The data: Begin

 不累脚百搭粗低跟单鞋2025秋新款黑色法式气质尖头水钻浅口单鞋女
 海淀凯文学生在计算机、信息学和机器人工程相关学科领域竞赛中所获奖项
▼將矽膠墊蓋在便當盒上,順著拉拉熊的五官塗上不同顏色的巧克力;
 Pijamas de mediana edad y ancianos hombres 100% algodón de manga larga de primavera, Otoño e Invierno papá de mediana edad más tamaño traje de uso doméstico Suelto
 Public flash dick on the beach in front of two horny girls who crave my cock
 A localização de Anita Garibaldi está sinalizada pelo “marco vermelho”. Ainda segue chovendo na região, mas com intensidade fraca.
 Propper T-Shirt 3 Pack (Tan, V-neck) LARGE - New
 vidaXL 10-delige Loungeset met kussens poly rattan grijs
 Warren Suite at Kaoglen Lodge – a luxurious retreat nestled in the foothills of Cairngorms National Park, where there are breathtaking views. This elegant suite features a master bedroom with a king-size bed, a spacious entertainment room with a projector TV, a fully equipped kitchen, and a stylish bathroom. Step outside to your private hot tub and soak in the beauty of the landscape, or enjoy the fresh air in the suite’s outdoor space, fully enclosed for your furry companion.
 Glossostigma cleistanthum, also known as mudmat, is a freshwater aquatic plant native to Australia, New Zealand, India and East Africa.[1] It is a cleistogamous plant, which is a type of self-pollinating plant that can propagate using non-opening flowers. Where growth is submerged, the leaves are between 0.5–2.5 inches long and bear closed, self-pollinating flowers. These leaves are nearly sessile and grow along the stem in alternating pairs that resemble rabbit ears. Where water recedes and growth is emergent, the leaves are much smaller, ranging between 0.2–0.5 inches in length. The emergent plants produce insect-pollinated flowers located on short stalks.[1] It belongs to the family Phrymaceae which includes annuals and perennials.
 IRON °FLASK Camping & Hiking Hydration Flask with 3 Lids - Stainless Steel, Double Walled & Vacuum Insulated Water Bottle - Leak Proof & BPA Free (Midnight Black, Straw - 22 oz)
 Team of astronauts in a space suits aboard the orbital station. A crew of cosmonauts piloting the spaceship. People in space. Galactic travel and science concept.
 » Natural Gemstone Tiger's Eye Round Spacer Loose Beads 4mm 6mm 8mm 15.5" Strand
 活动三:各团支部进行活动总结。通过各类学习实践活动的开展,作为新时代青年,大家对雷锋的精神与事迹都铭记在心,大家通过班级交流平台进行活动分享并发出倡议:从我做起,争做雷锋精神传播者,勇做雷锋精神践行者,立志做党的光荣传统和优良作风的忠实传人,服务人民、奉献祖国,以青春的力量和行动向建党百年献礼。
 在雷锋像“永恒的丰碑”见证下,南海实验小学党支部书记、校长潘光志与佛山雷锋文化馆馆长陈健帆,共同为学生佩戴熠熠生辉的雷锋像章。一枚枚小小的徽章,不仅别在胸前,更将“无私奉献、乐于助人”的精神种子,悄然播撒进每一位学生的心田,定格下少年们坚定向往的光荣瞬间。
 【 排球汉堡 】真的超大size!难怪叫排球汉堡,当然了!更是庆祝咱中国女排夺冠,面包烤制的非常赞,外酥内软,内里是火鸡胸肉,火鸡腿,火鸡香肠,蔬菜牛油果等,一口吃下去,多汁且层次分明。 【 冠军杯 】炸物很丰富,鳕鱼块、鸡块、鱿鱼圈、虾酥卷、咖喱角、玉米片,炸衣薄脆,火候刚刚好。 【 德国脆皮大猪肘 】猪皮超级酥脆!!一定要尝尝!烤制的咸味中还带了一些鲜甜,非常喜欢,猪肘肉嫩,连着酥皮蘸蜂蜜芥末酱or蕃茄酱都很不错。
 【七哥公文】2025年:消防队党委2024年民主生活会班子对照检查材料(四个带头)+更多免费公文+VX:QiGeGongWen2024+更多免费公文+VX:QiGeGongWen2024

The data: End

▶ _What you have to do_:
Exactly as they stand, repeat all the records.

▶ _Your solution_:
 不累脚百搭粗低跟单鞋2025秋新款黑色法式气质尖头水钻浅口单鞋女
 海淀凯文学生在计算机、信息学和机器人工程相关学科领域竞赛中所获奖项
▼將矽膠墊蓋在便當盒上,順著拉拉熊的五官塗上不同顏色的巧克力;
 Pijamas de mediana edad y ancianos hombres 100% algodón de manga larga de primavera, Otoño e Invierno papá de mediana edad más tamaño traje de uso doméstico Suelto
 Public flash dick on the beach in front of two horny girls who crave my cock
 A localização de Anita Garibaldi está sinalizada pelo “marco vermelho”. Ainda segue chovendo na região, mas com intensidade fraca.
 Propper T-Shirt 3 Pack (Tan, V-neck) LARGE - New
 vidaXL 10-delige Loungeset met kussens poly rattan grijs
 Warren Suite at Kaoglen Lodge – a luxurious retreat nestled in the foothills of Cairngorms National Park, where there are breathtaking views. This elegant suite features a master bedroom with a king-size bed, a spacious entertainment room with a projector TV, a fully equipped kitchen, and a stylish bathroom. Step outside to your private hot tub and soak in the beauty of the landscape, or enjoy the fresh air in the suite’s outdoor space, fully enclosed for your furry companion.
 Glossostigma cleistanthum, also known as mudmat, is a freshwater aquatic plant native to Australia, New Zealand, India and East Africa.[1] It is a cleistogamous plant, which is a type of self-pollinating plant that can propagate using non-opening flowers. Where growth is submerged, the leaves are between 0.5–2.5 inches long and bear closed, self-pollinating flowers. These leaves are nearly sessile and grow along the stem in alternating pairs that resemble rabbit ears. Where water recedes and growth is emergent, the leaves are much smaller, ranging between 0.2–0.5 inches in length. The emergent plants produce insect-pollinated flowers located on short stalks.[1] It belongs to the family Phrymaceae which includes annuals and perennials.
 IRON °FLASK Camping & Hiking Hydration Flask with 3 Lids - Stainless Steel, Double Walled & Vacuum Insulated Water Bottle - Leak Proof & BPA Free (Midnight Black, Straw - 22 oz)
 Team of astronauts in a space suits aboard the orbital station. A crew of cosmonauts piloting the spaceship. People in space. Galactic travel and science concept.
 » Natural Gemstone Tiger's Eye Round Spacer Loose Beads 4mm 6mm 8mm 15.5" Strand
 活动三:各团支部进行活动总结。通过各类学习实践活动的开展,作为新时代青年,大家对雷锋的精神与事迹都铭记在心,大家通过班级交流平台进行活动分享并发出倡议:从我做起,争做雷锋精神传播者,勇做雷锋精神践行者,立志做党的光荣传统和优良作风的忠实传人,服务人民、奉献祖国,以青春的力量和行动向建党百年献礼。
 在雷锋像“永恒的丰碑”见证下,南海实验小学党支部书记、校长潘光志与佛山雷锋文化馆馆长陈健帆,共同为学生佩戴熠熠生辉的雷锋像章。一枚枚小小的徽章,不仅别在胸前,更将“无私奉献、乐于助人”的精神种子,悄然播撒进每一位学生的心田,定格下少年们坚定向往的光荣瞬间。
 【 排球汉堡 】真的超大size!难怪叫排球汉堡,当然了!更是庆祝咱中国女排夺冠,面包烤制的非常赞,外酥内软,内里是火鸡胸肉,火鸡腿,火鸡香肠,蔬菜牛油果等,一口吃下去,多汁且层次分明。 【 冠军杯 】炸物很丰富,鳕鱼块、鸡块、鱿鱼圈、虾酥卷、咖喱角、玉米片,炸衣薄脆,火候刚刚好。 【 德国脆皮大猪肘 】猪皮超级酥脆!!一定要尝尝!烤制的咸味中还带了一些鲜甜,非常喜欢,猪肘肉嫩,连着酥皮蘸蜂蜜芥末酱or蕃茄酱都很不错。
 【七哥公文】2025年:消防队党委2024年民主生活会班子对照检查材料(四个带头)+更多免费公文+VX:QiGeGongWen2024+更多免费公文+VX:QiGeGongWen2024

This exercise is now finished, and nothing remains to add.